▶ **What is being asked**
Starting with the line that contains "T-shirt en 100%" and ending with the last line of the listing, print each line exactly. Pictures stay out.

▶ **Exercise data**
################

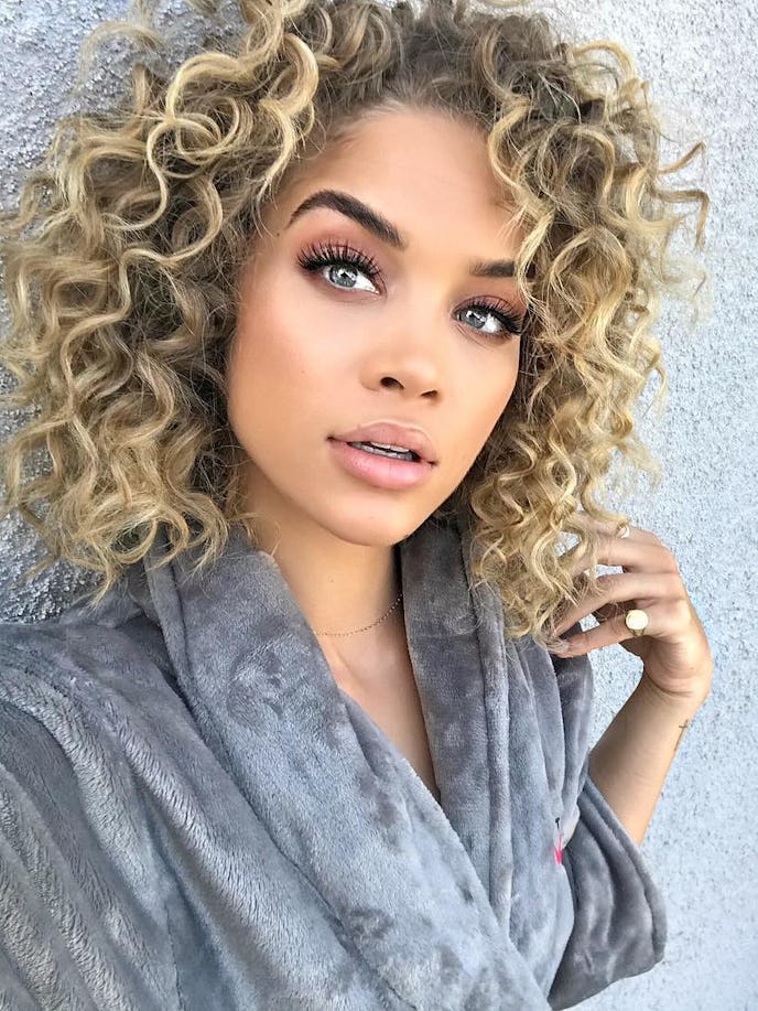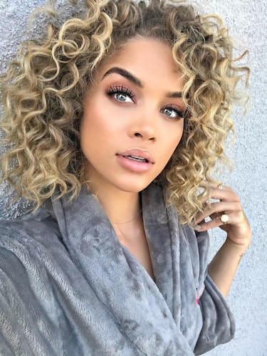 Le mannequin Jasmine Sanders fait de ses boucles volumineuses et de son smokey eye taupe un look de vacances incontournable.
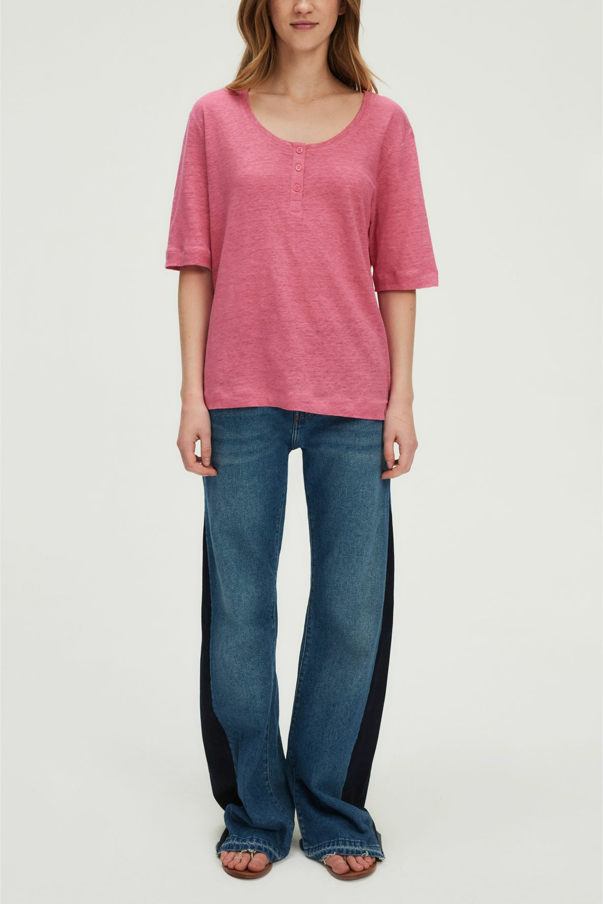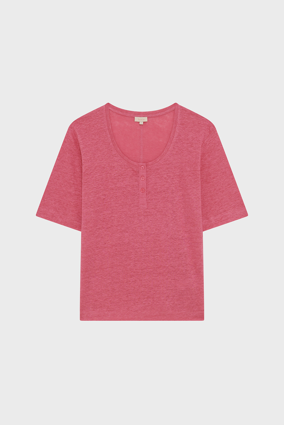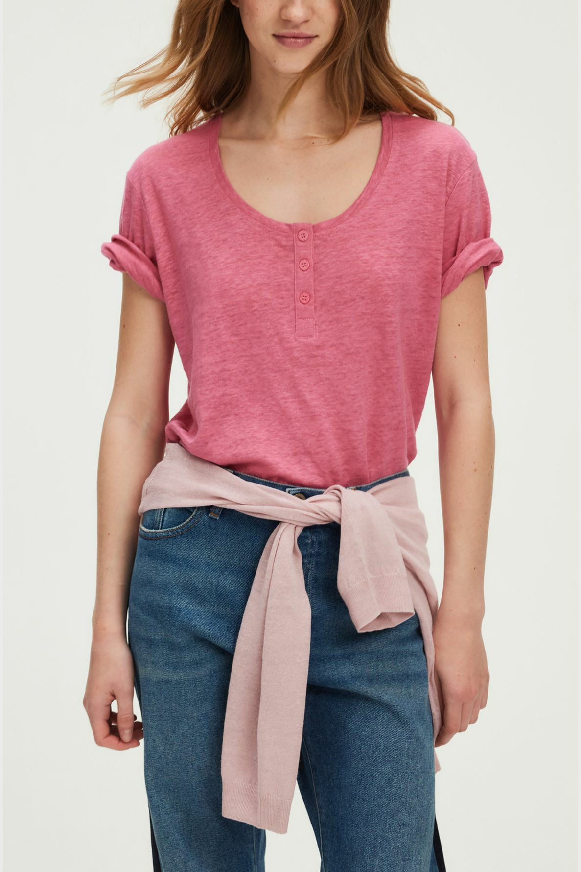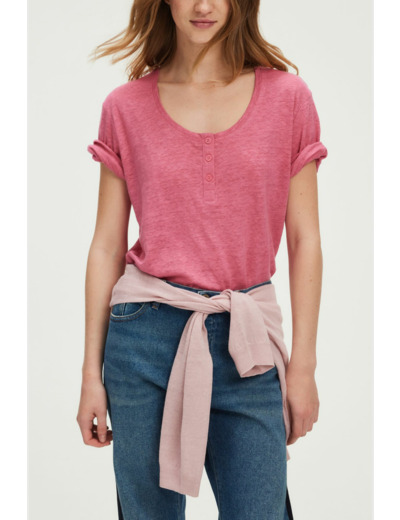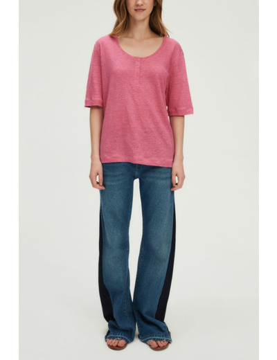 T-shirt en 100% lin uni, coloris rose vif. Coupe droite et large avec emmanchure basse. Col rond avec encolure boutonnée. Manches courtes. Longueur standard.
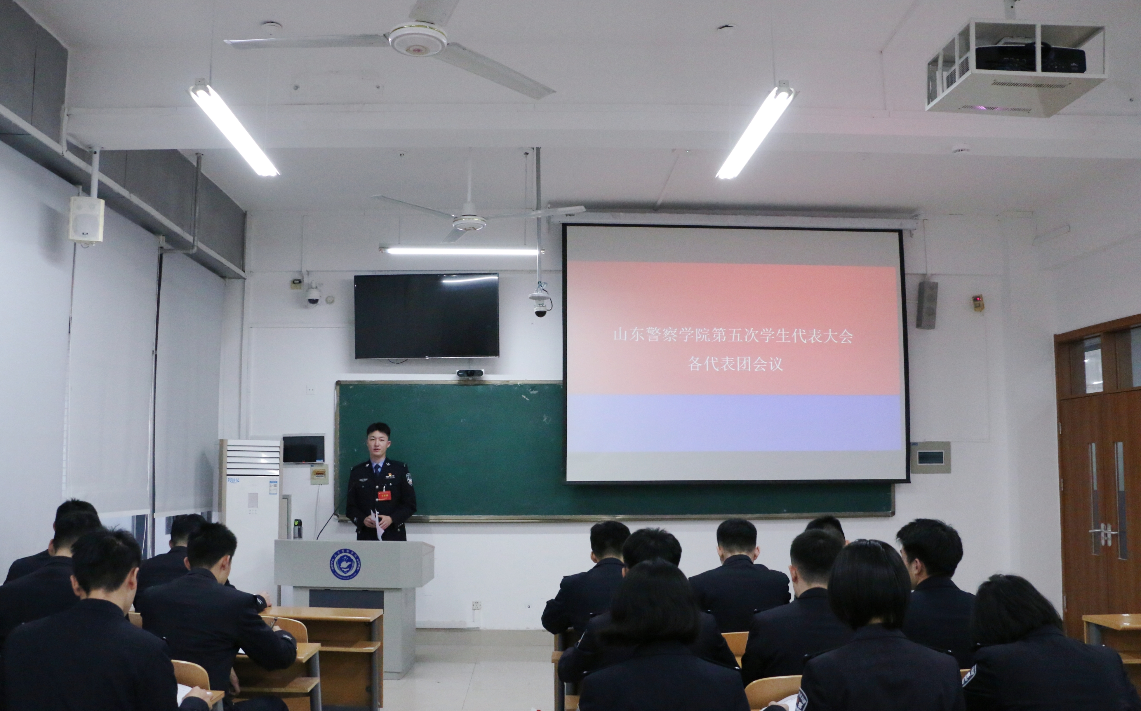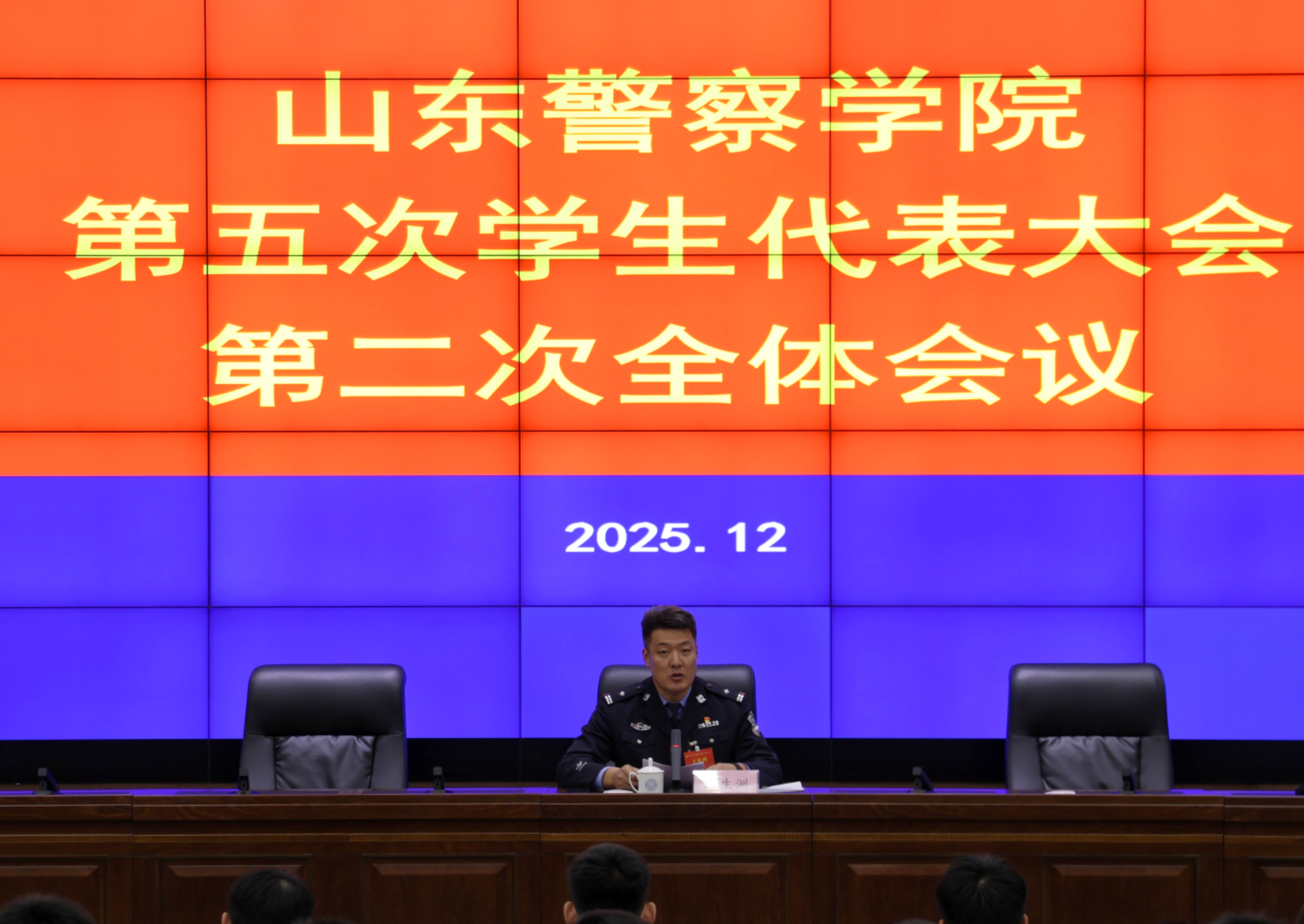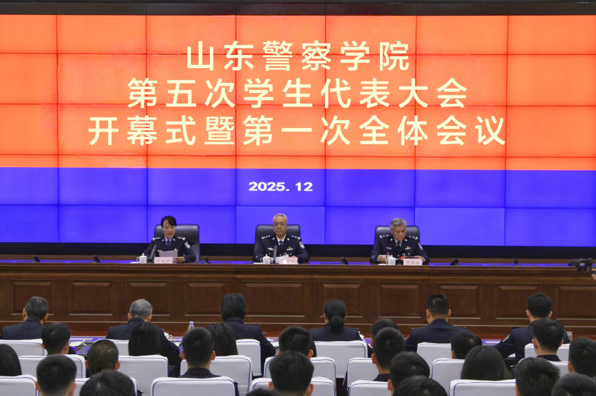 2025年12月29日,山东警察学院第五次学生代表大会在学术报告厅隆重举行。校党委副书记、院长毕可志,党委委员、副院长贺曙敏出席大会。各二级学院党委书记和党委副书记兼学生支队支队长出席,全校的优秀团员、优秀团干部和普通学生代表参加会议。大会由校团委书记张燕婷及团委副书记闫生洲主持。

################

▶ **Completed exercise**
 T-shirt en 100% lin uni, coloris rose vif. Coupe droite et large avec emmanchure basse. Col rond avec encolure boutonnée. Manches courtes. Longueur standard.
 2025年12月29日,山东警察学院第五次学生代表大会在学术报告厅隆重举行。校党委副书记、院长毕可志,党委委员、副院长贺曙敏出席大会。各二级学院党委书记和党委副书记兼学生支队支队长出席,全校的优秀团员、优秀团干部和普通学生代表参加会议。大会由校团委书记张燕婷及团委副书记闫生洲主持。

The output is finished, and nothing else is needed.